Omit every picture. Return all other data as it stands.

- [INFORMATION SUPPLIED]

------------

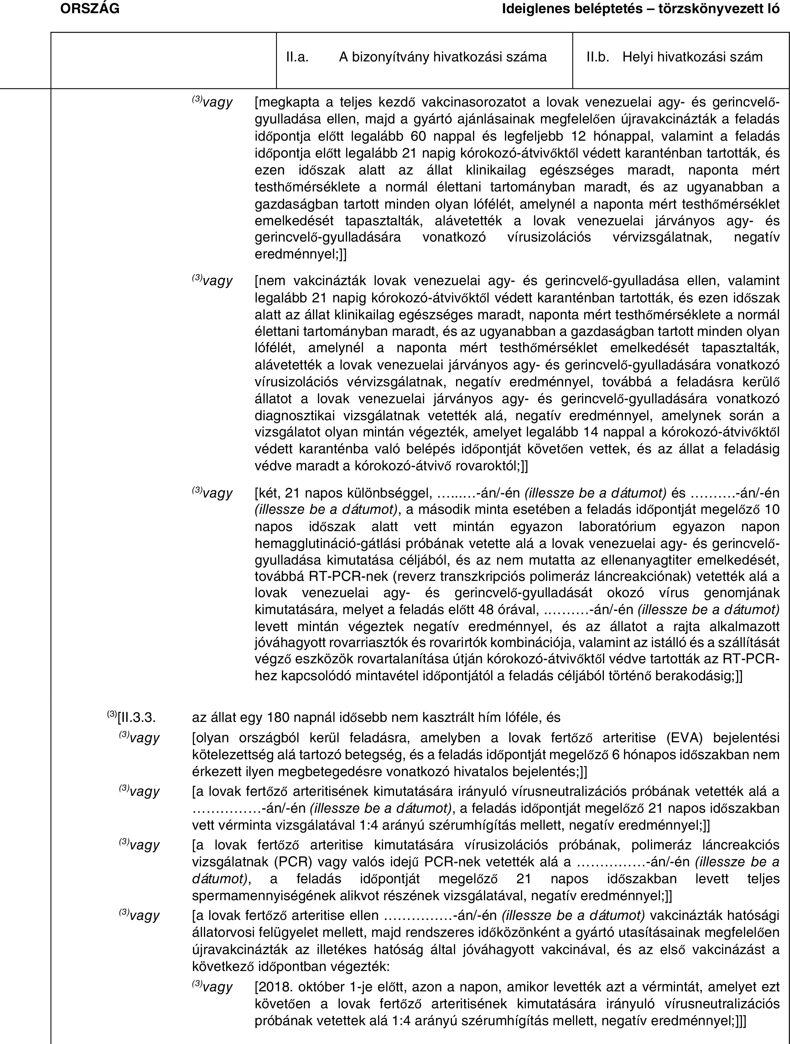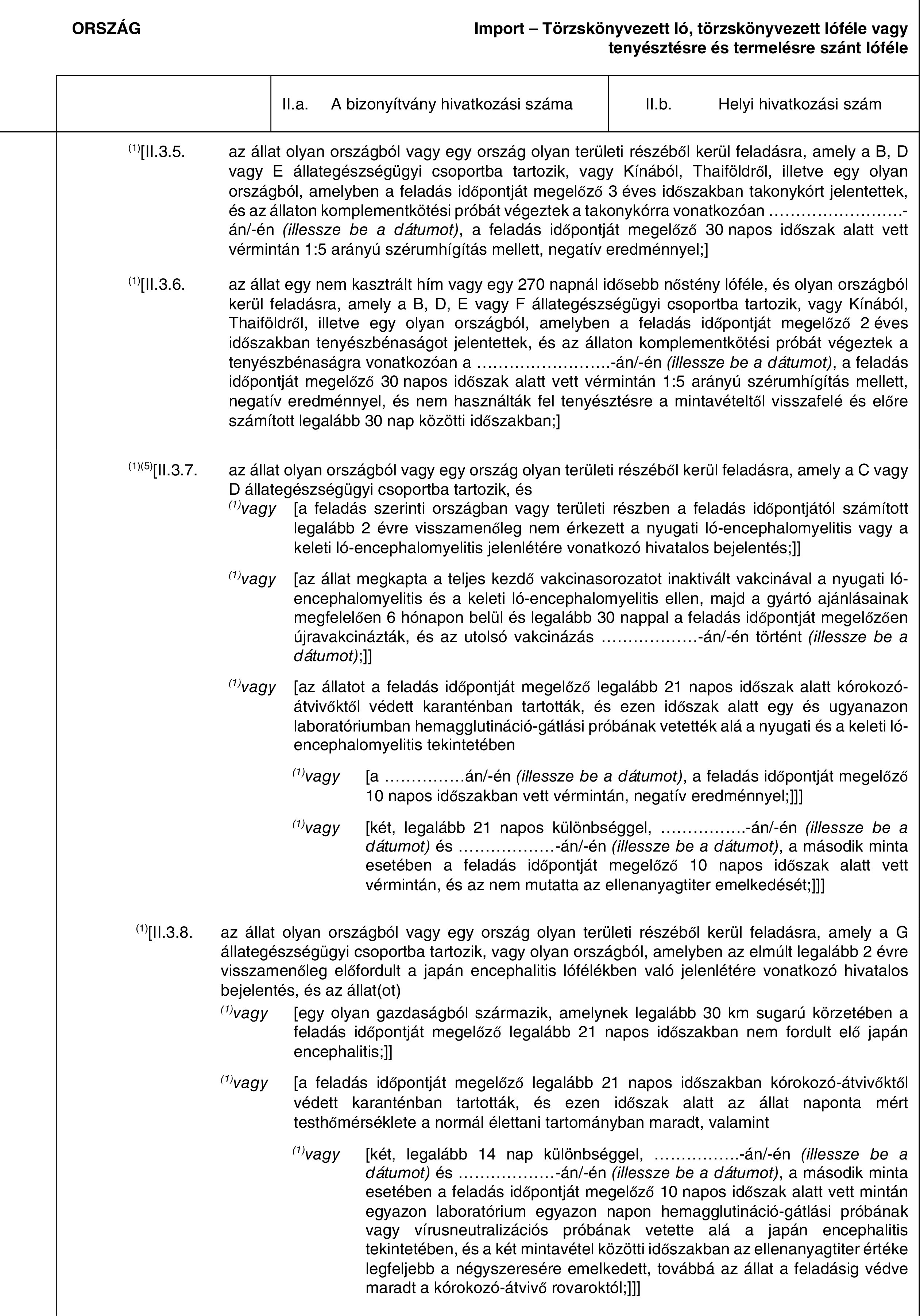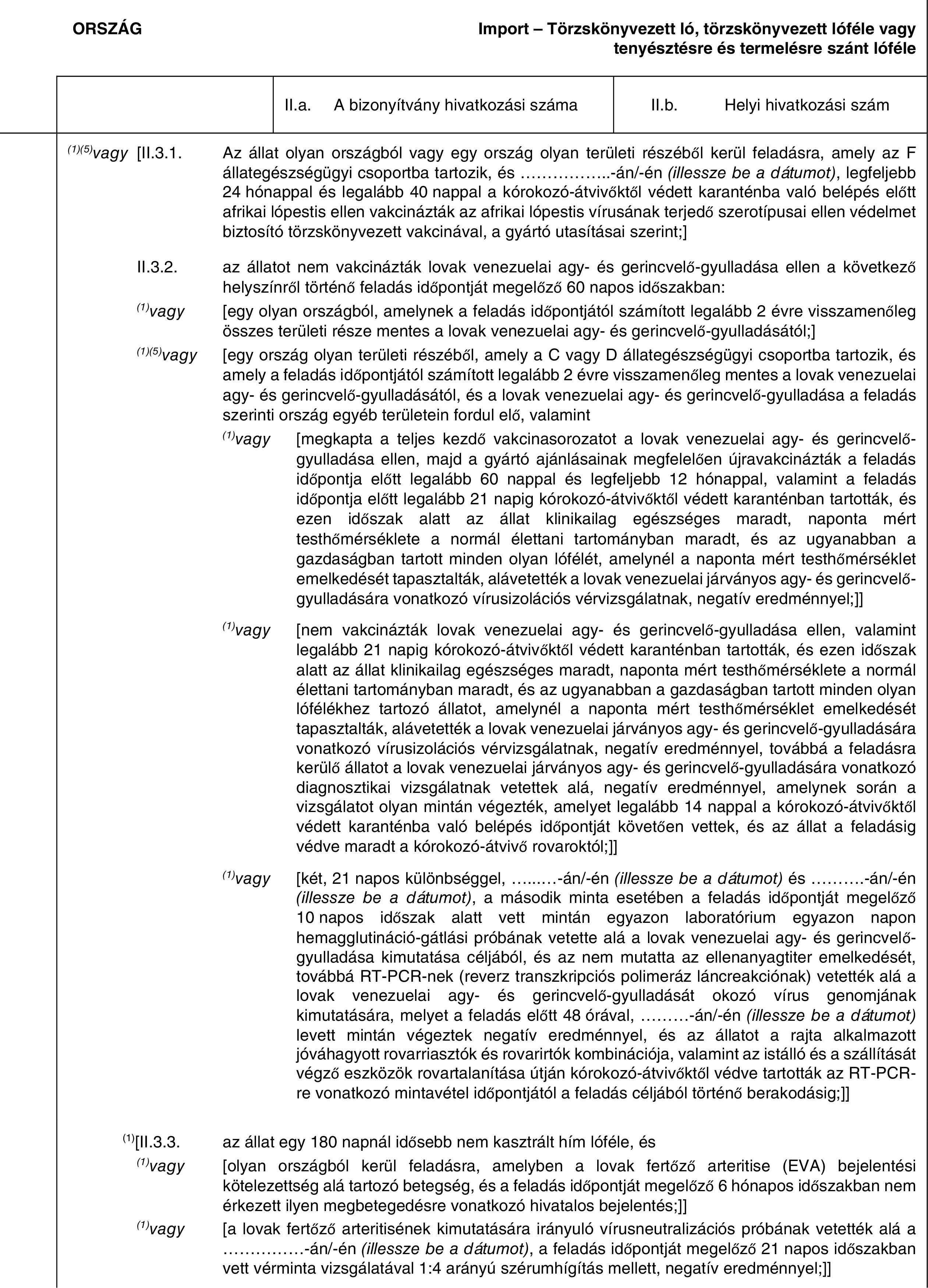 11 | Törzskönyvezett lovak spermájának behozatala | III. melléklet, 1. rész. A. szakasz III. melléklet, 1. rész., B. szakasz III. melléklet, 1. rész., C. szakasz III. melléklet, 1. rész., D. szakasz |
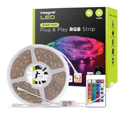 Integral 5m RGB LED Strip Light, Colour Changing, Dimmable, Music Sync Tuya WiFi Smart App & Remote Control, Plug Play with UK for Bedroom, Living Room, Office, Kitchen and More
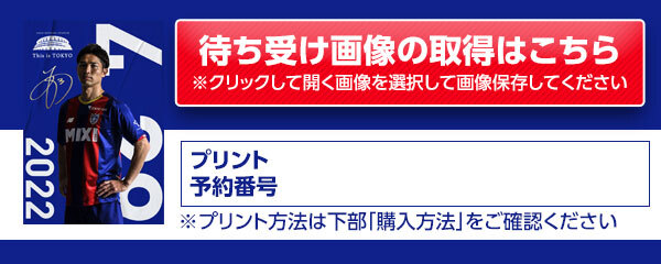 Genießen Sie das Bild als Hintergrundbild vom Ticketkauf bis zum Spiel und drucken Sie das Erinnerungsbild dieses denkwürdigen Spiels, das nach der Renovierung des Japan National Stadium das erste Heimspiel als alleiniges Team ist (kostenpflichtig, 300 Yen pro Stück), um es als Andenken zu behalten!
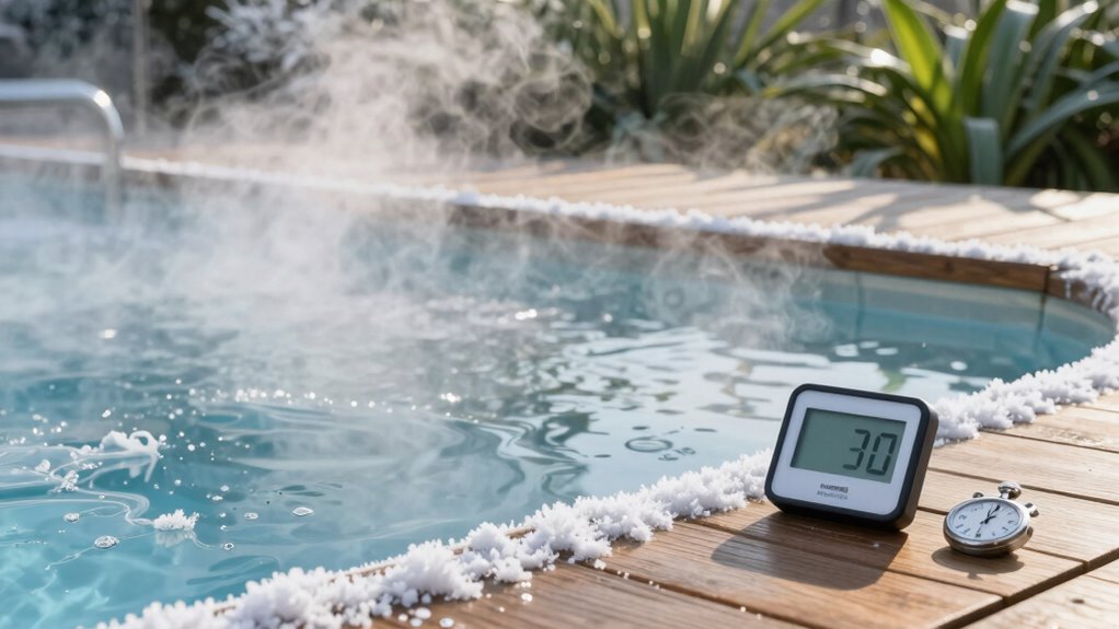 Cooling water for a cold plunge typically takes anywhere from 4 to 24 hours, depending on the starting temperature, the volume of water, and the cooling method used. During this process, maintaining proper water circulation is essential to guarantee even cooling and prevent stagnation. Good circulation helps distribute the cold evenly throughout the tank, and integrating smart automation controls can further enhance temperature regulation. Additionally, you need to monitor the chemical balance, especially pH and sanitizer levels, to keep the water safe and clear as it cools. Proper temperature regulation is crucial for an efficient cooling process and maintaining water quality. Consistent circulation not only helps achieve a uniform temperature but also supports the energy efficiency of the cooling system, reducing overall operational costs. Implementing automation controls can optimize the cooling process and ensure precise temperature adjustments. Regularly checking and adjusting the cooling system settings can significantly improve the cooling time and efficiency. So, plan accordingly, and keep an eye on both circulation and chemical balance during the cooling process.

------------

- [COMPLETED TASK]
 11 | Törzskönyvezett lovak spermájának behozatala | III. melléklet, 1. rész. A. szakasz III. melléklet, 1. rész., B. szakasz III. melléklet, 1. rész., C. szakasz III. melléklet, 1. rész., D. szakasz |
 Integral 5m RGB LED Strip Light, Colour Changing, Dimmable, Music Sync Tuya WiFi Smart App & Remote Control, Plug Play with UK for Bedroom, Living Room, Office, Kitchen and More
 Genießen Sie das Bild als Hintergrundbild vom Ticketkauf bis zum Spiel und drucken Sie das Erinnerungsbild dieses denkwürdigen Spiels, das nach der Renovierung des Japan National Stadium das erste Heimspiel als alleiniges Team ist (kostenpflichtig, 300 Yen pro Stück), um es als Andenken zu behalten!
 Cooling water for a cold plunge typically takes anywhere from 4 to 24 hours, depending on the starting temperature, the volume of water, and the cooling method used. During this process, maintaining proper water circulation is essential to guarantee even cooling and prevent stagnation. Good circulation helps distribute the cold evenly throughout the tank, and integrating smart automation controls can further enhance temperature regulation. Additionally, you need to monitor the chemical balance, especially pH and sanitizer levels, to keep the water safe and clear as it cools. Proper temperature regulation is crucial for an efficient cooling process and maintaining water quality. Consistent circulation not only helps achieve a uniform temperature but also supports the energy efficiency of the cooling system, reducing overall operational costs. Implementing automation controls can optimize the cooling process and ensure precise temperature adjustments. Regularly checking and adjusting the cooling system settings can significantly improve the cooling time and efficiency. So, plan accordingly, and keep an eye on both circulation and chemical balance during the cooling process.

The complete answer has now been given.